Sunday, May 19, 2013

Nation & World

Syrian ambassador denies Syrian military aid to Hezbollah, says U.S. not talking to Damascus

By Thomas Omestad
Posted 7/19/06

In an interview Wednesday with U.S. News, Syria's ambassador to the United States, Imad Moustapha, rejected U.S. and Israeli assertions that Syria has been supplying part of the Hezbollah rocket force raining down on northern Israel. "We do not provide Hezbollah with arms," Moustapha insisted in a conversation at Syria's embassy in Washington. He also denied charges that Syria had provided Hezbollah with financial support or that Syria enjoyed decisive influence with Hezbollah, calling it "an independent, autonomous organization." Rather, he says, Syria is a political supporter of such "national liberation" movements as Hezbollah. Israeli officials say that some of the rockets, including one that smashed into a train facility in Haifa and killed several Israelis, were made in Syria.

Moustapha, who was appointed to the post by Syrian President Bashar Assad, laid blame for the crisis on Israel. "We're surprised by the brutality of the Israeli attack," he said. But he asserted that Israel has not importantly degraded Hezbollah's counterstrike capability. "Hezbollah's capacity to retaliate is still intact," Moustapha said. He said Syria supports an immediate cease-fire and the beginning of negotiations and that Damascus would be willing to participate in the talks actively, especially since the United States does not have any known contacts with Hezbollah and the Palestinian group Hamas, which are both designated by Washington as terrorist groups.

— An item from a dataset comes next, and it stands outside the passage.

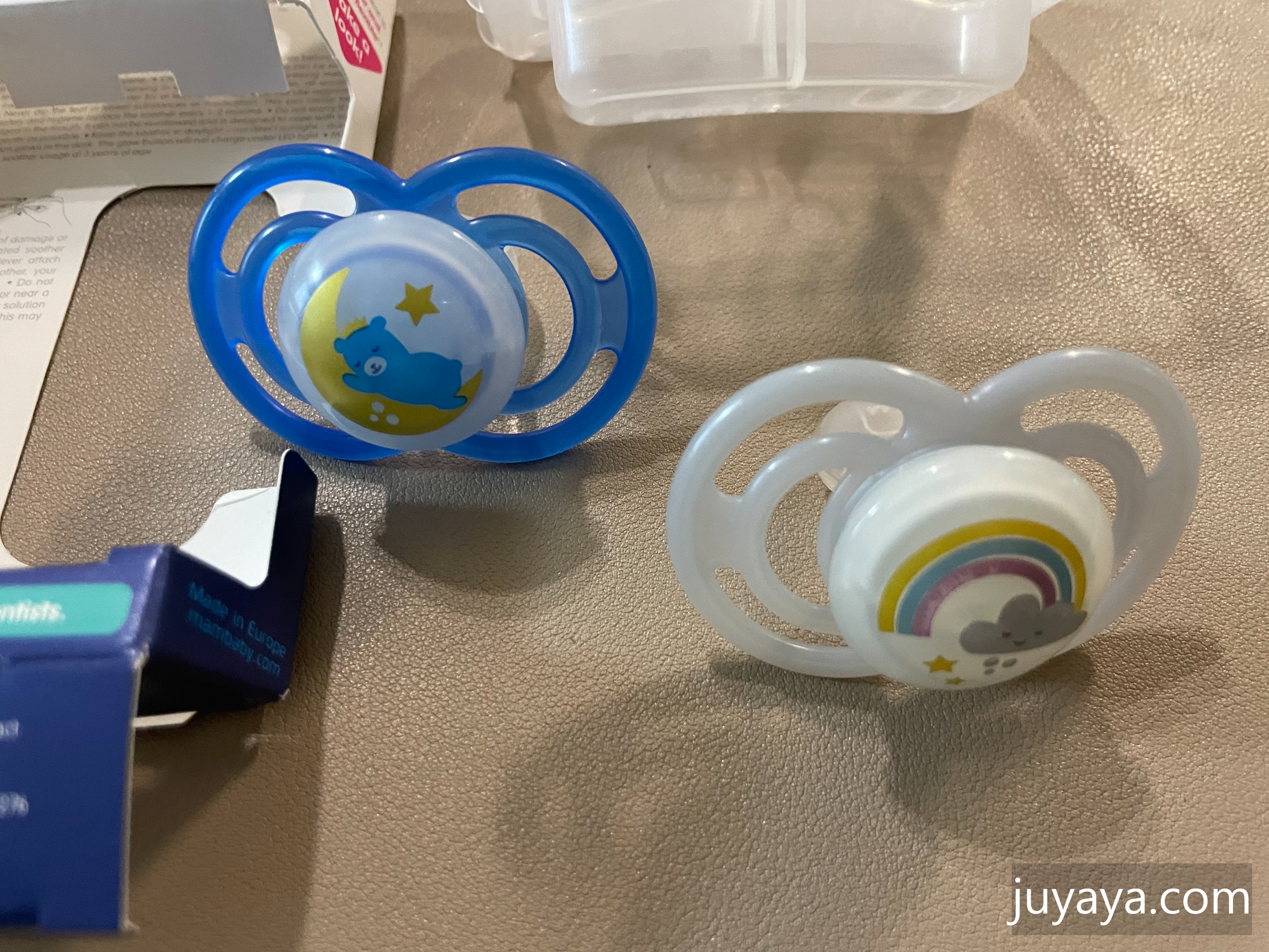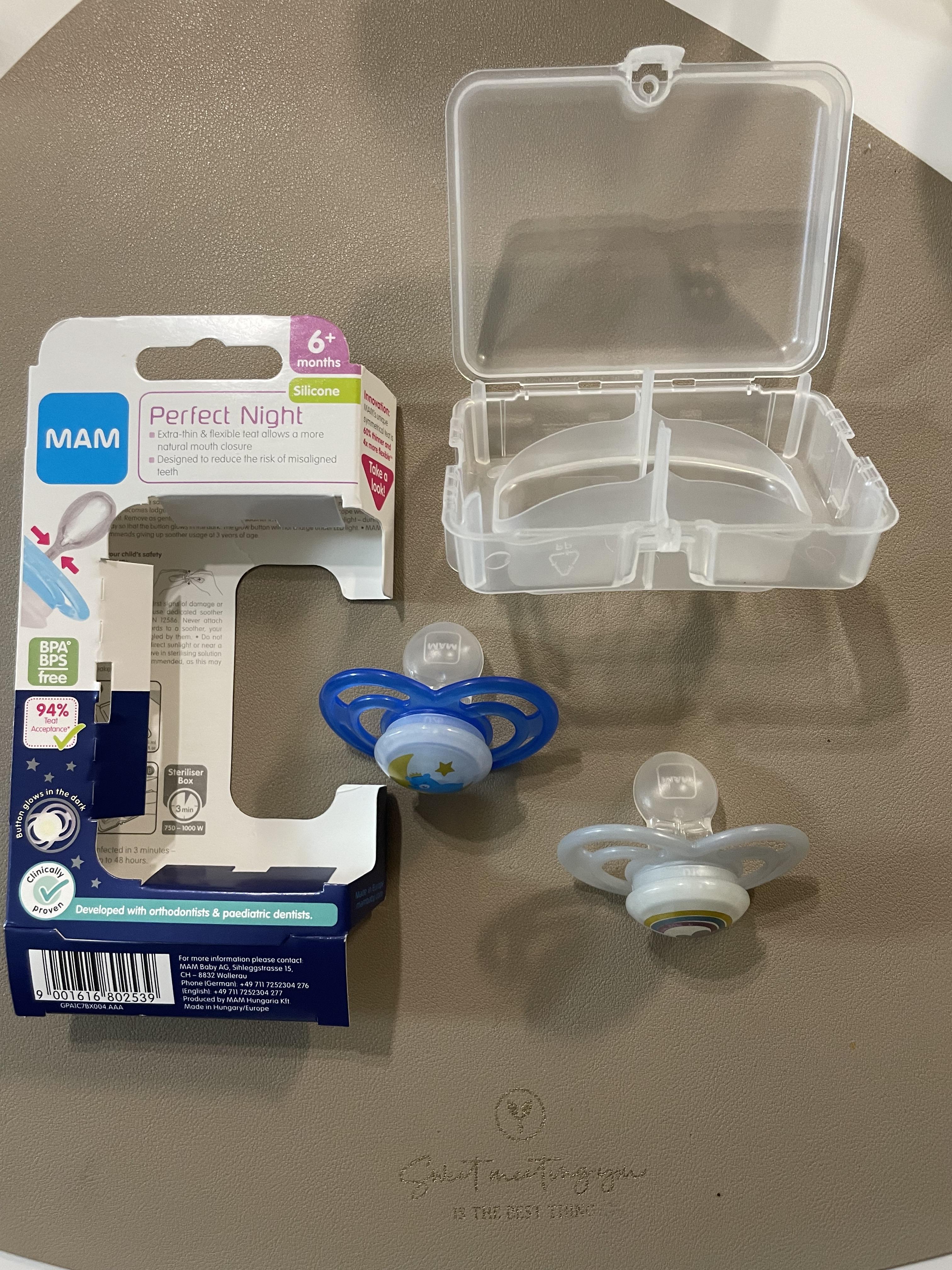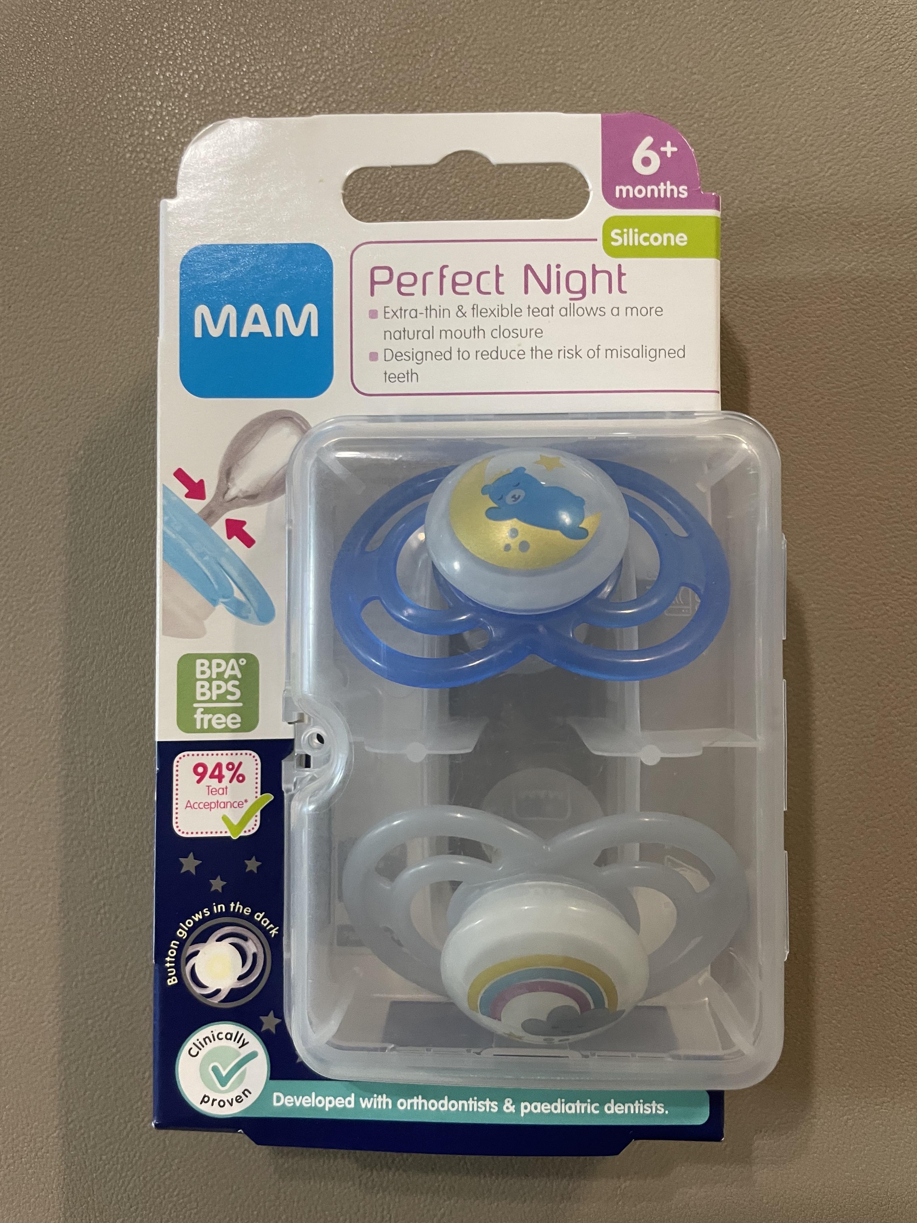 40년 이상의 역사를 가진 독일 맘베이비의 'MAM Perfect Night' 제품으로 쪽쪽이 뒤쪽 버튼이 야광이라 어둠 속에서도 잘 찾을 수 있다는 장점이 있습니다. 세세하게 설명하지 않아도 이미 유명한 제품이라 넘어가도록 하겠습니다.

Moustapha, however, faulted Washington for what he characterized as an unwillingness to talk directly with Damascus. Though U.S. officials have said there is no prohibition on U.S.-Syrian contacts, Moustapha says there has been "no contact" here in Washington or in Damascus between officials of the two countries. He contends that the Bush administration is not following the past American practice in Mideast crises of talking to all of the affected parties. And he stoutly rejected President Bush's suggestion on Tuesday that Syria might seek to take advantage of the turmoil in Lebanon and return to the country after troops withdrew under Lebanese and international political pressure last year. (Bush said, "Syria's trying to get back into Lebanon, it looks like to me.") Replied Moustapha, "The only way to tell President Bush that we're not going back to Lebanon is through the media....We're flabbergasted in Syria [at the Bush remarks]. Syria has no intention whatsoever of coming back to Lebanon." He also rejected Bush's assertion, in private conversation with British Prime Minister Tony Blair this week, that Assad could tell Hezbollah to desist from attacking Israel and bring the immediate crisis to an end. "This is such a simplistic approach," he said.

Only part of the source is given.